▸ **Exercise**: For this exercise, the lines from the one with "此外,班主任马瑛老师还带领班" through the final line of the data below are to be transcribed exactly, and pictures are to be skipped.

(Records drawn from a dataset)

● ● ●

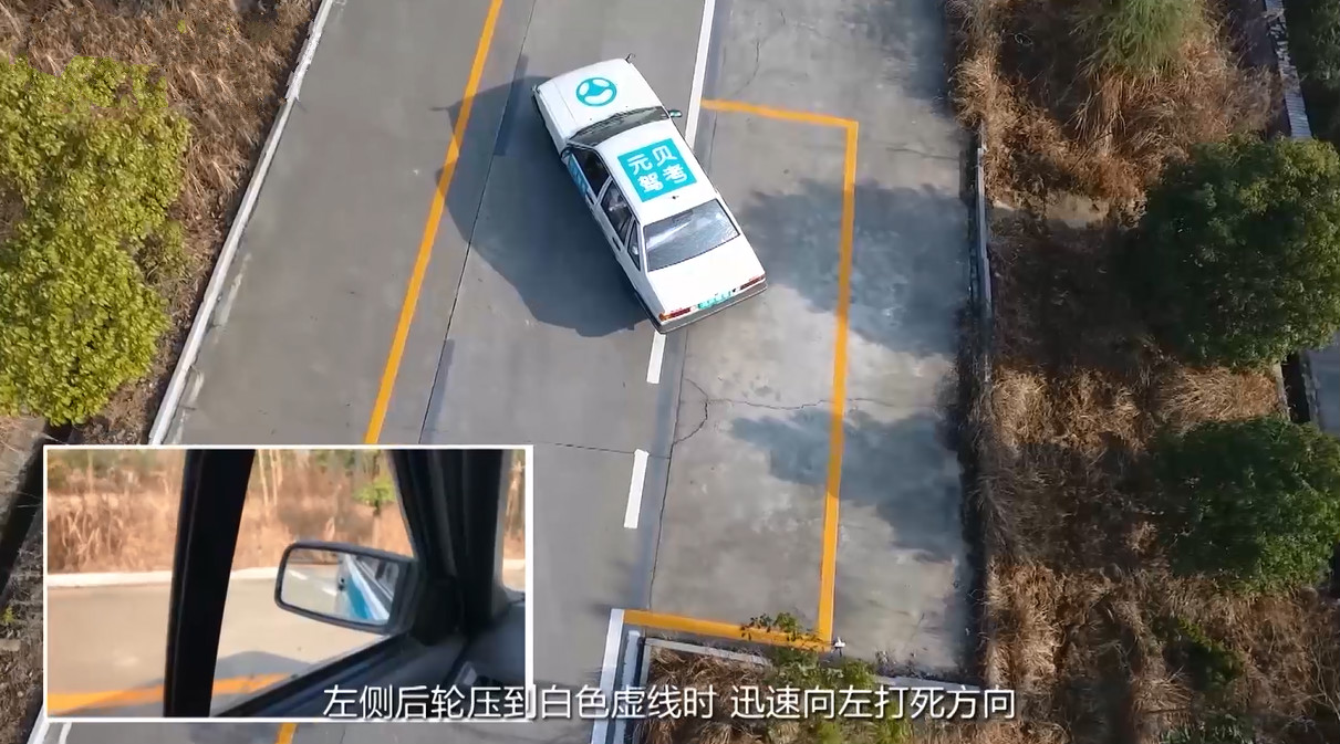 4、当左侧后轮压到库边白色虚线时,迅速向左打死方向。
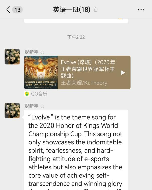 此外,班主任马瑛老师还带领班级成员每天在群聊中分享喜爱的英语歌曲,并用英文介绍歌手及歌曲背景,这不仅丰富了同学们的课余生活,还在分享中增长了知识、提升了专业素养。
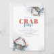 This design features a simple watercolor blue crab feast invitation with a QR code for website, with a Facebook icon for party event page, online URL with a nautical crab boil bake party, a coastal living seaside ocean sea, great for seafood dinner party event invitation, a stylish trendy typography font text, a modern calligraphy script typography, with a Maryland New England Maine coast style, whimsical crab legs boiled baked, an elegant stylish fun water ocean, with a crustacean red blue animal marine
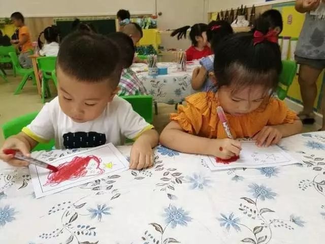 除了唱歌,宝贝们还以绘画的形式为祖国妈妈庆祝生日,小画家们充分发挥自己的想象力,挥动手中的画笔,大胆构思,把自己心目中对祖国妈妈的热爱用画笔描绘出来,一幅幅充满童趣、充满幻想、充满活力的作品,呈现在大家的眼前。为此次国庆节活动增添了别样的风采。
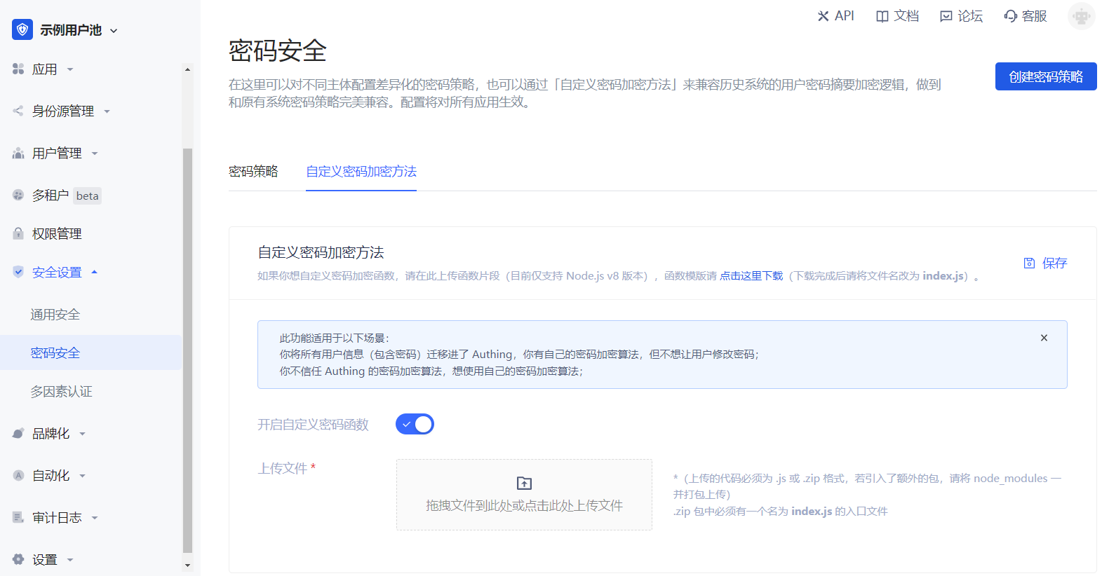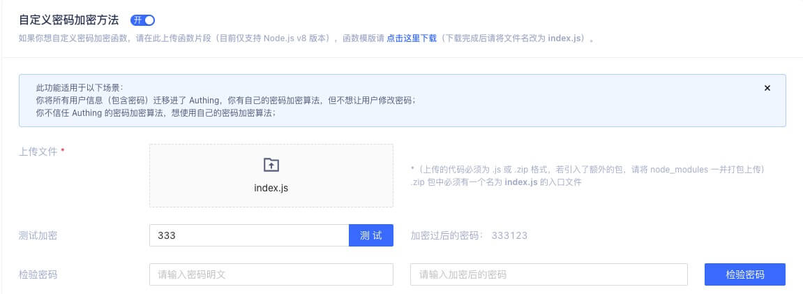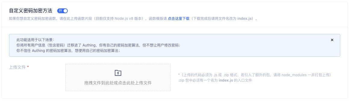 如果你想自定义密码加密函数,请在此上传函数片段(目前仅支持 Node.js),函数模版请点击这里下载 (opens new window)(Authing 不会存储用户的密码原文)。

● ● ●

▸ **Output for this task**:
 此外,班主任马瑛老师还带领班级成员每天在群聊中分享喜爱的英语歌曲,并用英文介绍歌手及歌曲背景,这不仅丰富了同学们的课余生活,还在分享中增长了知识、提升了专业素养。
 This design features a simple watercolor blue crab feast invitation with a QR code for website, with a Facebook icon for party event page, online URL with a nautical crab boil bake party, a coastal living seaside ocean sea, great for seafood dinner party event invitation, a stylish trendy typography font text, a modern calligraphy script typography, with a Maryland New England Maine coast style, whimsical crab legs boiled baked, an elegant stylish fun water ocean, with a crustacean red blue animal marine
 除了唱歌,宝贝们还以绘画的形式为祖国妈妈庆祝生日,小画家们充分发挥自己的想象力,挥动手中的画笔,大胆构思,把自己心目中对祖国妈妈的热爱用画笔描绘出来,一幅幅充满童趣、充满幻想、充满活力的作品,呈现在大家的眼前。为此次国庆节活动增添了别样的风采。
 如果你想自定义密码加密函数,请在此上传函数片段(目前仅支持 Node.js),函数模版请点击这里下载 (opens new window)(Authing 不会存储用户的密码原文)。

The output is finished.